**Exercise inputs**
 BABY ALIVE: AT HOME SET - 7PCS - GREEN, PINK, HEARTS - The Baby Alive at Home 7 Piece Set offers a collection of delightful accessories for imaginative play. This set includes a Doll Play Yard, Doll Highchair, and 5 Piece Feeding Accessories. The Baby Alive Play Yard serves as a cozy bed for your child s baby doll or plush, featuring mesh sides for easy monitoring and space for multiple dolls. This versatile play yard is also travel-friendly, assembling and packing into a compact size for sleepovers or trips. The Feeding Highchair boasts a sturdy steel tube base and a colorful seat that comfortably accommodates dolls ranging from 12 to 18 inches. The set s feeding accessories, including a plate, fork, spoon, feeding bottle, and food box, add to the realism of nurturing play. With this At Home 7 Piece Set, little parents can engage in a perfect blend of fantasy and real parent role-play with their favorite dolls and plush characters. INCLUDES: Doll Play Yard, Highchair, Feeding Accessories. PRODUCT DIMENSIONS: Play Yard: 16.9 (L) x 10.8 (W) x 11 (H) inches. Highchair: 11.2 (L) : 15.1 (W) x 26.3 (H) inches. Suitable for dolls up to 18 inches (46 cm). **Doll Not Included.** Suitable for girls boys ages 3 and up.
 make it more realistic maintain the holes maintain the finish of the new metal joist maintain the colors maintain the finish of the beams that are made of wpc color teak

---

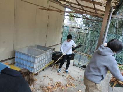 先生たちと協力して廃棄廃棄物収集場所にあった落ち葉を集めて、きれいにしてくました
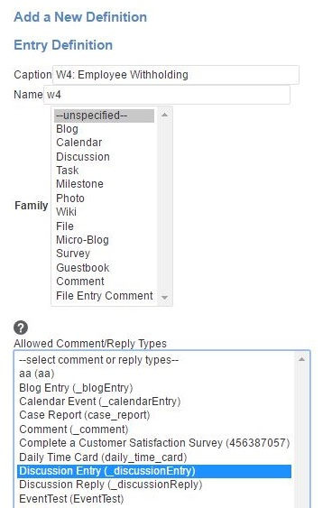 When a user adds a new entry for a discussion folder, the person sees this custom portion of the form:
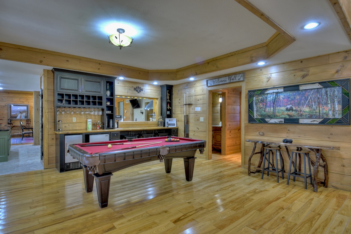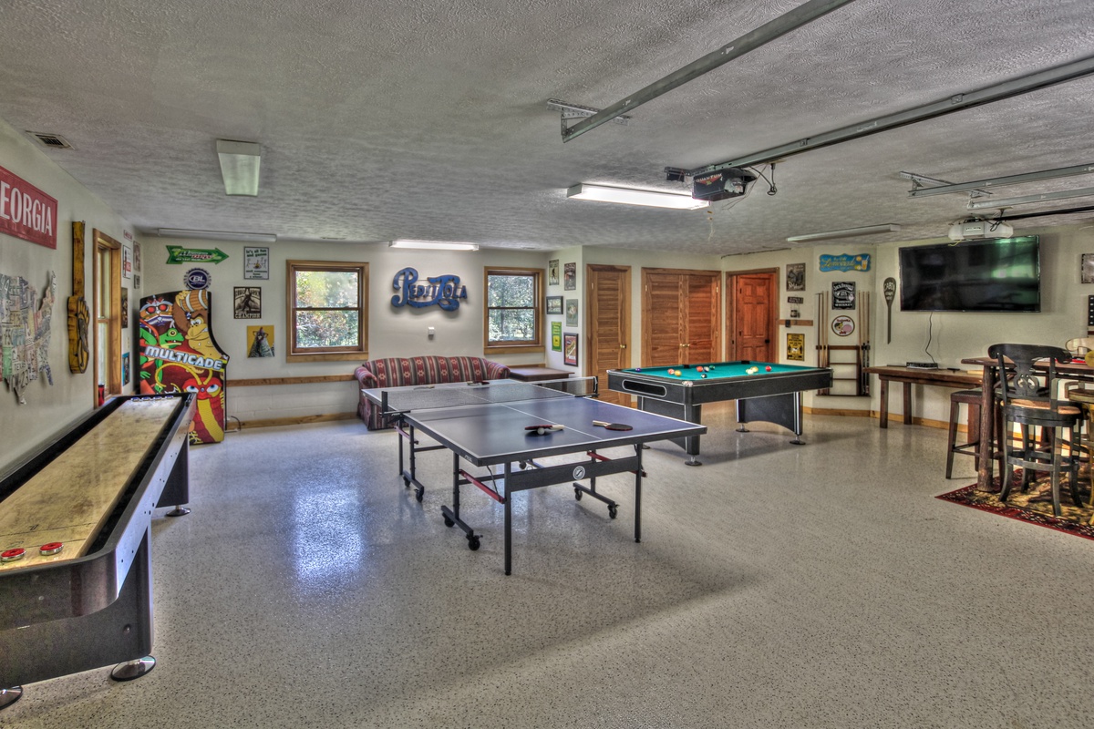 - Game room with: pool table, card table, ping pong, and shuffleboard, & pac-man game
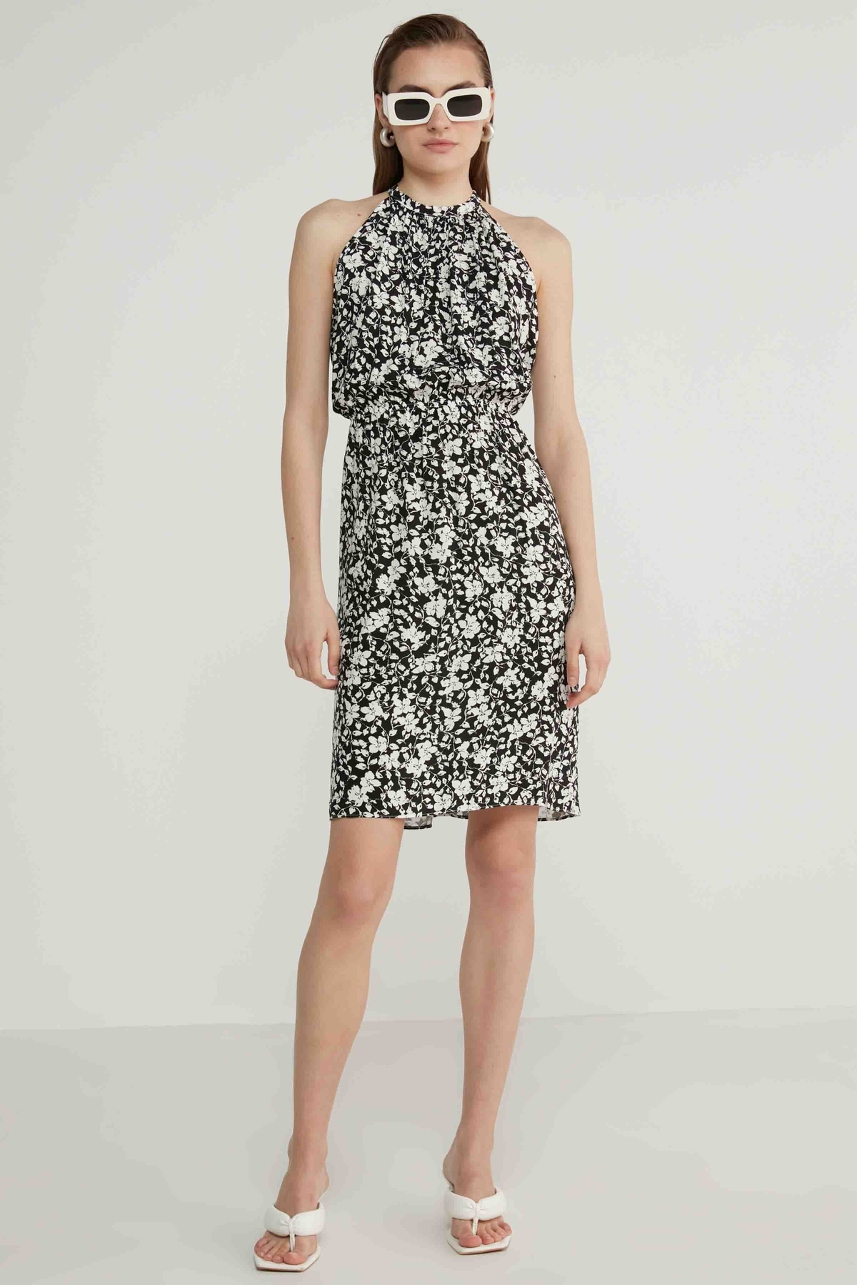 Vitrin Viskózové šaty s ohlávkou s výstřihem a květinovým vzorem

**Problem to work on**
Among the entries above, take the lines from the one with "- Game room" through the one with "Vitrin Viskózové šaty" and retype them exactly, leaving out the pictures.

**Result**
 - Game room with: pool table, card table, ping pong, and shuffleboard, & pac-man game
 Vitrin Viskózové šaty s ohlávkou s výstřihem a květinovým vzorem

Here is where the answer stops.